Wednesday, June 3, 2009

On Cheney: Truth Will Out

So what happens now? There remains a steadfast group of Americans who are convinced that Iraq and Saddam Hussein worked directly with Osama bin Laden in the planning for 9/11. Yet, the one person in the former administration who was "clear" about that connection during his tenure as VPOTUS has stated publicly that there was no connection.

I didn't support our going into Iraq, because I didn't believe the reasons presented by the Bush administration. I'd argued to friends that if the goal really was to get rid of Hussein, then assassinate him and install a more U.S. friendly regime. There was no need to create elaborate, and ultimately false, reasons for going to war with Iraq. I am still mad that we did not finish doing what we were supposed to do in Afghanistan, and I worry if it is now too late to salvage what we were supposed to be building there. And, it still amazes me that the most ardent fans of the last POTUS, as well as those who will invoke 9/11 at the drop of a dime (or the sound of dissent from their position), are not outraged that we did not get the person we fully know orchestrated the attack on the country.

Ultimately,we owe our men and women fighting in Iraq an apology. We sent them into war under false pretenses, in my opinion. It's beginning to look more like torture tactics were used to try to generate "intelligence" solidifying a link between Hussein and bin Laden. We abandoned Afghanistan, and let Pakistan stand idle while their leaders did nothing but cash checks from us. And, as Jon Soltz noted in his post on Huffington Post, some within the administration seemed to play up the religious aspects of the war, as though this were a 21st century crusade.

As much as I like BHO, I hope that I do not lose perspective and forget that he is simply a politician fully capable of making mistakes (how about that economic team) and disappointing his constituents (ask some in the glbt community right now).

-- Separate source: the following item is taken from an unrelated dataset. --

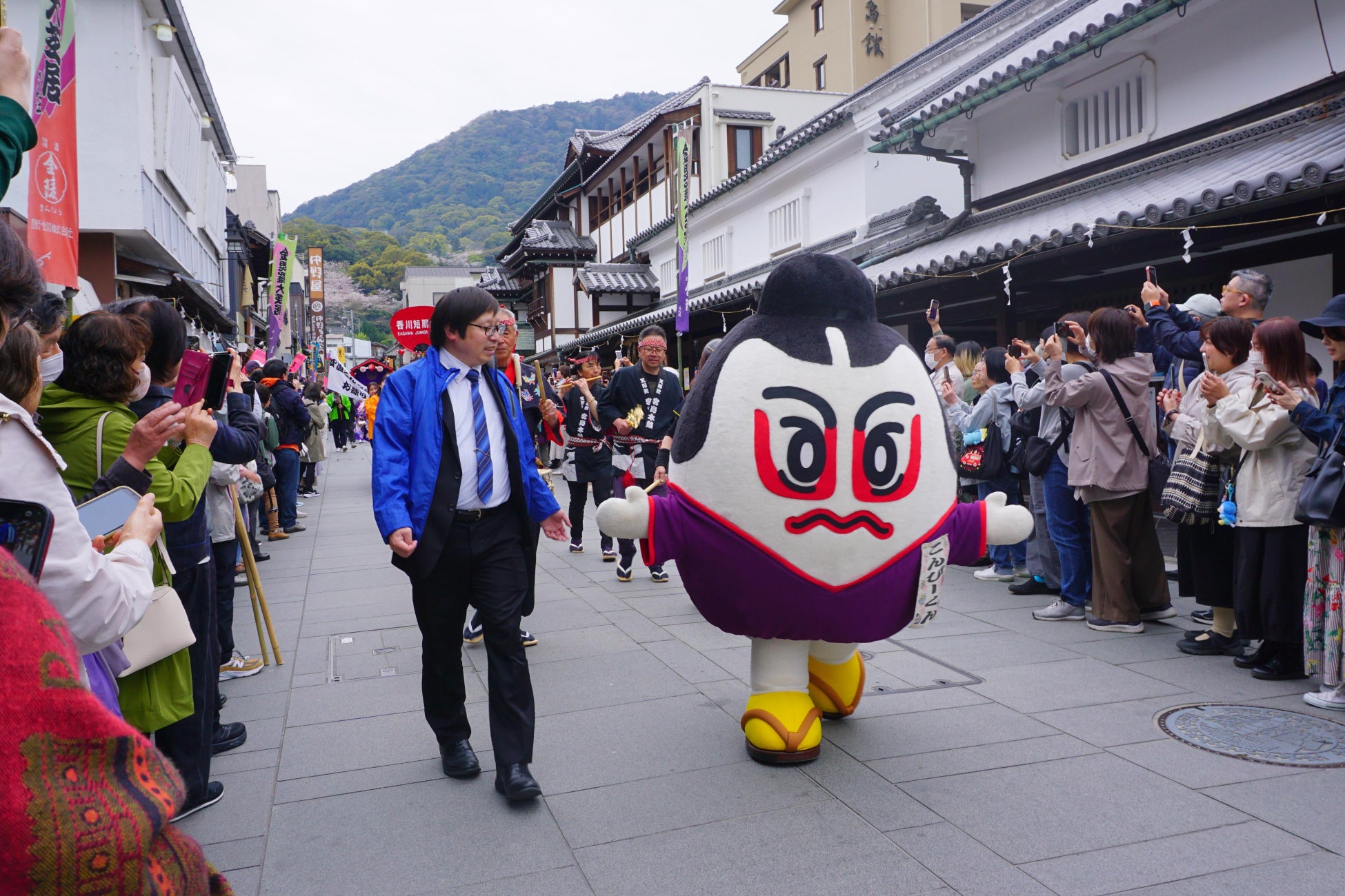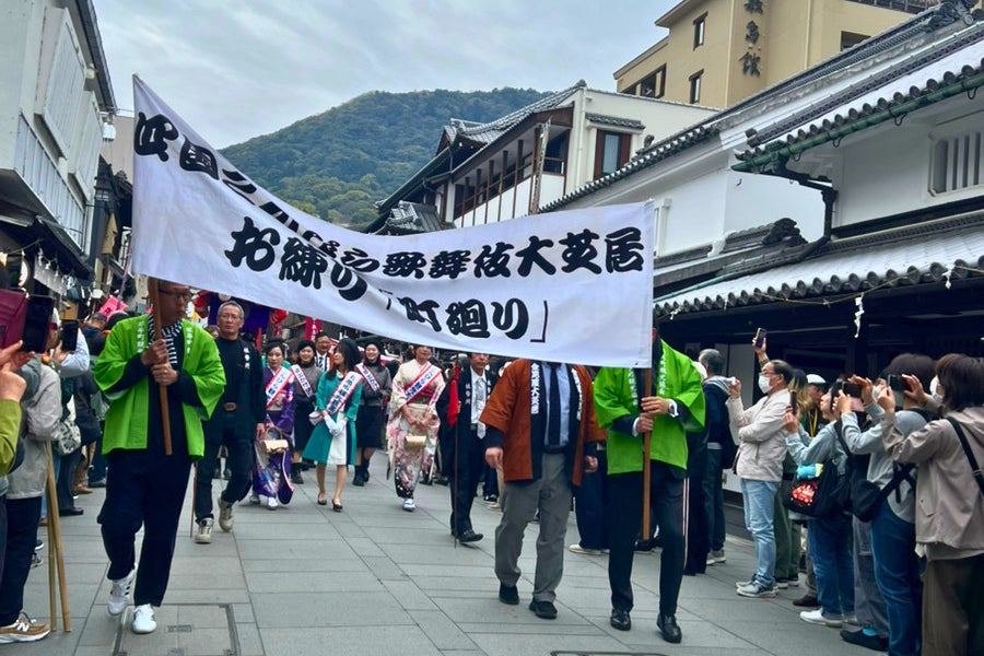 公演に先立ち4月9日(木)に行われた、出演俳優が人力車で街を練り歩く伝統行事「お練り」には、当社代表の八重樫も参加いたしました。沿道を埋め尽くす地域住民や観光客の皆様と共に声を出し、香川の春を祝う喜びを分かち合いました。

But, I wonder if any of those die hard supporters of the last administration will ever admit that their guys got it wrong (remember, I am talking about die hards; many of my conservative friends made their disappointments with the previous administration clear).


Margot Lee Shetterly said...

I'm nothing short of gobsmacked at the Cheney admission. Convene the truth commission.

Scott said...

I've been watching the news accounts commemorating the 20th anniversary of the Tiananmen Square massacre. What is remarkable is that all of those commemorations are happening in the West, none in China.

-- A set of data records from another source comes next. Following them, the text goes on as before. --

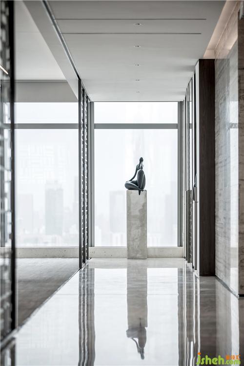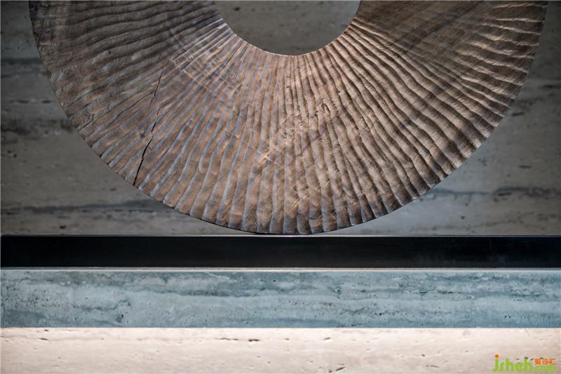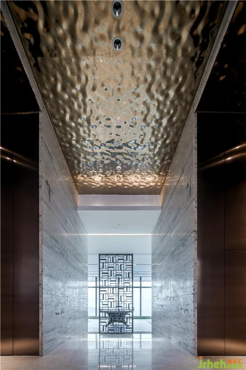 挑高天花上,是光影瀲滟的水波紋,與云紋墨痕的大理石墻面相互映襯,在樸拙與精細的對話中,寫意流動的藝術,描摹生動的意境。
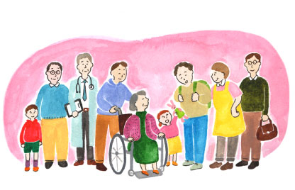 現在、狛江市第1期成年後見制度利用促進事業計画では、ご本人に身近な親族、福祉・医療、地域等の関係者と成年後見人等がチームとなって日常的にご本人を見守り、ご本人の意思や状況を継続的に把握し必要な対応を行っていくことを目指しています。その時々の課題に応じてチームを編成し、ご本人の意思を尊重して支援していきます。
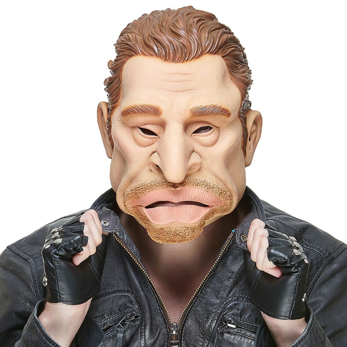 Ce masque en latex est un masque pour adulte , il est intégral et s'enfile comme une cagoule. Ce masque adulte est un masque humoristique qui représente le visage du célèbre rockeur français : Johnny Hallyday. Les traits de l'idole des jeunes sont accentués , ce qui le rend plus réaliste et ressemblant ! Pour un parfait confort au niveau des les yeux, des narines, de la bouche et des oreilles c'est ajouré. Avec ce masque vous ferez revivre le chanteur des années 60, et vous aller Allumer le feu à toutes vos soirées festives ou pour un spectacle.
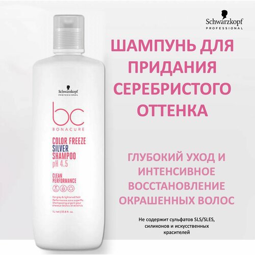 Купить Schwarzkopf Professional Bonacure Clean Performance Шампунь для придания серебристого оттенка волосам Color Freeze Silver Shampoo 1000мл с доставкой по всей России.
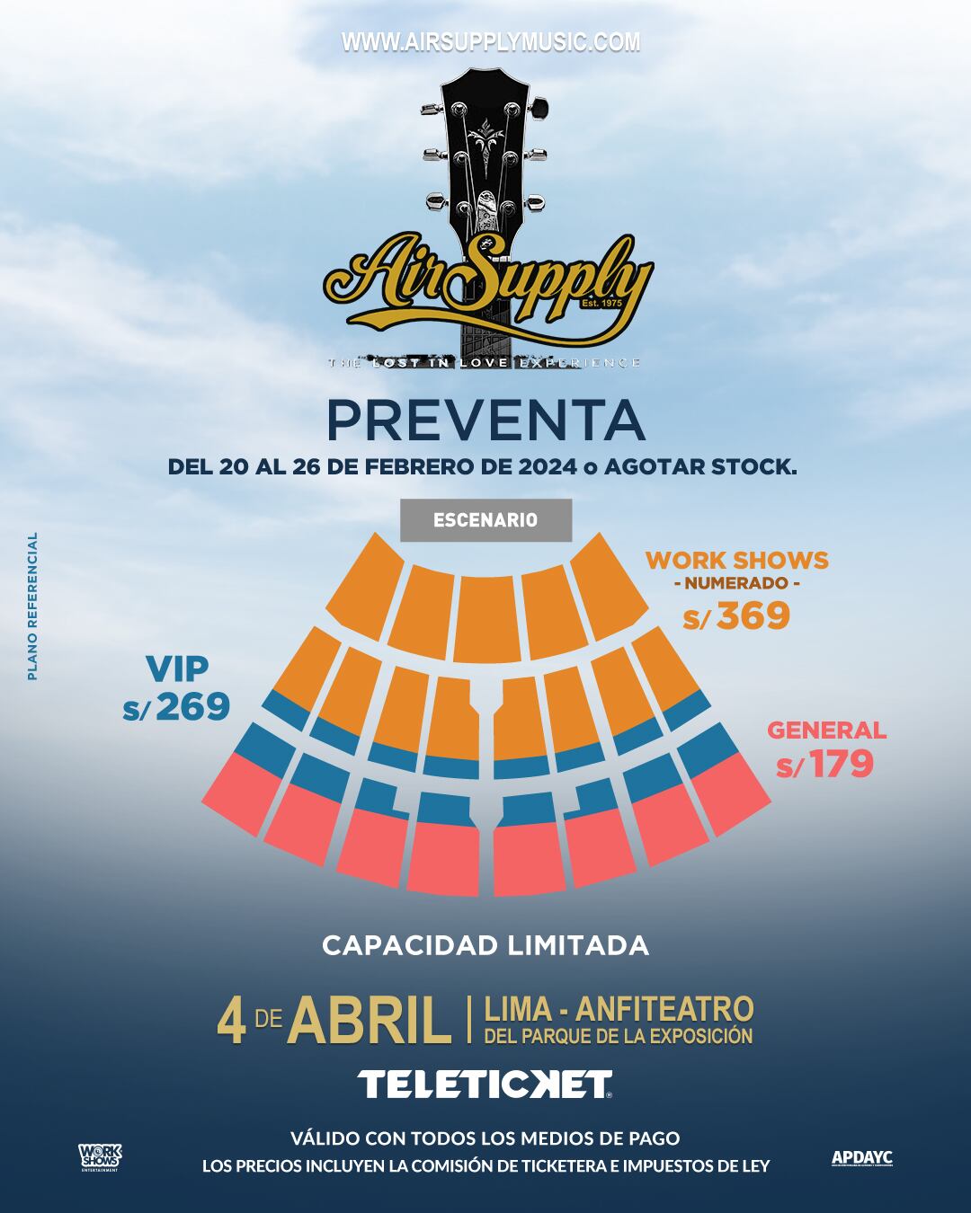 Las entradas para el concierto de Air Supply en Lima están disponibles desde el lunes 19 de febrero en la plataforma web y puntos de venta físicos de Teleticket, con un costo desde S/179, incluyendo la comisión de ticketera e impuestos de ley (Capacidad limitada).

A New York Times reporter in Beijing, quietly asking Chinese college age students their thoughts about the event, found that many of them did not even know what he was asking about.

It is amazing to me that in this age of information it is still possible for a totalitarian regime to control information in such a way. To make truth simply disappear.

You're right Free, the truth about torture will out. Much of that truth has already been outed, despite Mr. Cheney's efforts.

For all our faults, that makes me appreciate being an American.

Anonymous said...

I think there is a big distinction between the fact that Bush "got it wrong" and that "we sent them into war under false pretenses." Was it a mistake or was it a falsehood? I think it was clearly a mistake; you seem to take both positions.

Instead of being angry and frustrated over what Bush did, why not apply your energies to what Obama should do in foreign affairs? Ds said they were really worried about Afghanistan, but now some in the House (Rep. Obey I think) have said that he won't support the troops in Afghanistan beyond a year. I understand that being angry with Bush is more satisfying, but I think the question for Obama is what to do next?

hscfree said...

@Anonymous: What do you think Obama has been doing? He has re-focused attention on Afghanistan, and trying to sort out what to do along that border with Pakistan. With that in my, I am not willing to accept the idea of sweeping under the rug that which got us to this point. And if Obama screws up, my ire will be properly directed.

Ken S. said...

The decision to invade Iraq was not a mistake. The middle east was less favorable to our cause with Sadaam Hussein in power. I do not believe we should remove enemies at every turn, but it is clear that our main concern was the middle east and Hussein was the most viable and prudent target. We did not execute as well as we should have. Hussein was a man that attempted to kill a President of the United States. He meant this country and the world no good. I am happy he is removed and the decision to go in was no mistake, but the execution of the post-war plan and the plan itself was horrible. I am still confused as to who is our President. The media reports more on Bush than on the current President. Apparently his time in office has been less than noteworthy thus far.